WEGreen Workshop at GECON 2022: Gathering Together the Software Engineering and Cloud communities
On September 13-15, the 19th International Conference on the Economics of Grids, Clouds, Systems and Services (GECON 2022) was held in a hybrid format at San Simon Resort in Izola, Slovenia.
GECON 2022 builds upon the very successful tradition of the conference's previous editions since 2003. GECON solicits interdisciplinary contributions, combining business and economic aspects with engineering and computer science-related themes. Contributions to this conference can include extensions to existing technologies, successful deployments of technologies, economic analyses, analyses of technology adoptions, and theoretical models. As part of the conference programme, dedicated workshop sessions were introduced to gather original work and build a strong multidisciplinary community in this increasingly important area of the future information and knowledge economy.

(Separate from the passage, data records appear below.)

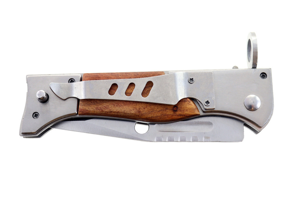 Bagnet otwiera się przy pomocy przycisku po lewej stronie noża oraz posiada blokadę zapobiegającą przypadkowemu otworzeniu lub zamknięciu.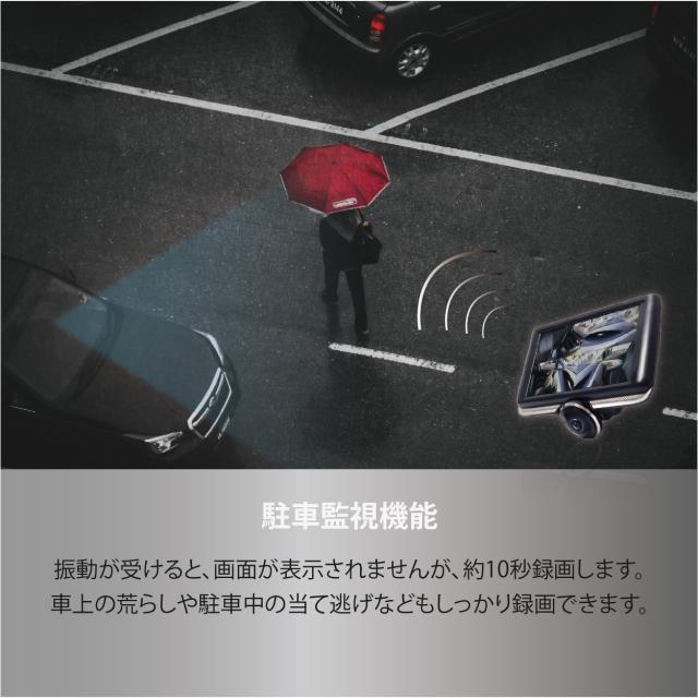 ★駐車監視機能搭載 振動を受けると、自動的録画を開始します。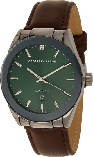 Show off polished style with this classic leather-strap watch featuring precise three-hand movement, a clear date window and a single diamond marker.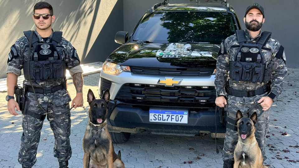 Ao verificar o ponto indicado pelo animal, a equipe encontrou o material escondido dentro de uma sacola plástica. No local foram apreendidos nove pinos contendo substância análoga à cocaína, uma pedra de substância semelhante ao crack pesando aproximadamente 10 gramas, além de um pino contendo substância análoga ao crack. Também foram localizadas 43 buchas e aproximadamente 120 gramas de substância semelhante à maconha.

SWForum.eu WEGreen Workshop at GECON 2022
On 15 September 2022, SWForum.eu, in collaboration with HUB4CLOUD, took part in GECON 2022 in Slovenia, organising its first physical workshop entitled “WEGreen Workshop on Engineering Green and Sustainable Software in the Computing Continuum”.
The WEGreen workshop focused on all issues concerning the engineering practices relevant to the creation and execution of green and sustainable software in the cloud continuum. This workshop gathered together 40 (live and online) attendees in the software and cloud community across the globe.
The workshop was opened by the introductory talk of Juncal Alonso-Ibarra, a R&D Engineer at TECNALIA and SWForum.eu Project Coordinator. Juncal provided an exhaustive overview of the projects and its goal, creating a self-sustainable online forum that facilitates and encourages both researchers and practitioners as well as projects in software, digital infrastructure and cybersecurity to create intersections of expertise and a multidisciplinary approach to research and innovation.
The first keynote speaker, David Ekchajzer (Co-Founder of Hubblo, Member of Boavizta) opened the discussion on how to measure and evaluate the environmental impact of ICT with open data, methods, and tools. This topic could be relevant to the StandICT project, which is driving ICT standardisation.
Our next keynote speaker was Ilias Iakovidis (Adviser at the European Commission, DG CONNECT) who provided the EC perspective on how software plays an important role in providing digital solutions in realising the benefits of enabling sustainability in the digital sector. He also emphasised the net effect of software applications and hardware.
Green digital transformation is essential but green is suffering from digitalisation. Focus on enablement, algorithmic optimisation.
During the workshop, it was emphasised by the EC representative to look at standards, evaluate the software landscape, and standardise monitoring and reporting.
There were also two problem statements that were presented as part of the call for abstract/contributions, presented by David Mytton (CEO console dev, researching sustainable computing from Oxford) and Vasilios Andrikopoulos (Assistant Professor, University of Groningen), presenting the potential sustainability of research results.
Technical insights from the workshop discussion
Understanding the environmental impact of ICT is possible by simply measuring energy consumption.
The workshop was chaired by SWForum partners, Elisabetta Di Nitto (Professor at Politecnico di Milano) and David Wallom (Professor of Informatics, founding Course Director, MSc in Energy Systems at University of Oxford), and facilitated the panel discussion with our speakers.
The discussion at the workshop highlighted the fact that the analysis is quite complex and should consider a multitude of elements.
We should be able to determine “the environmental net effect” of ICT. Assuming that we can determine this, then we can make decisions at different levels: technical (e.g., we can redesign our ICT systems), political (e.g., we can decide how to produce the needed energy), social (e.g., we can limit the usage of some high-impact systems).
Understanding these points has really opened our minds and the SWForum team, and HUB4Cloud, are very grateful to all participants for their great contributions. Experts should explore the field even more, and invest in making sure that subjects related to sustainability are taught in our courses in computer science and engineering.
The environmental impact of ICT is a highly complex 'system' where each component interacts with another. In order to understand that system, we must first really baseline what impact it has through open data and open models. Using this data intelligently, then we can complete a full Life Cycle Assessment on the system. Finally, we can then attack the key drivers of consumption at each level in the system, from hardware to software and everything that connects them.
Thank you to all our live and online attendees. Workshop recording and presentations are available on the WEGreen event page.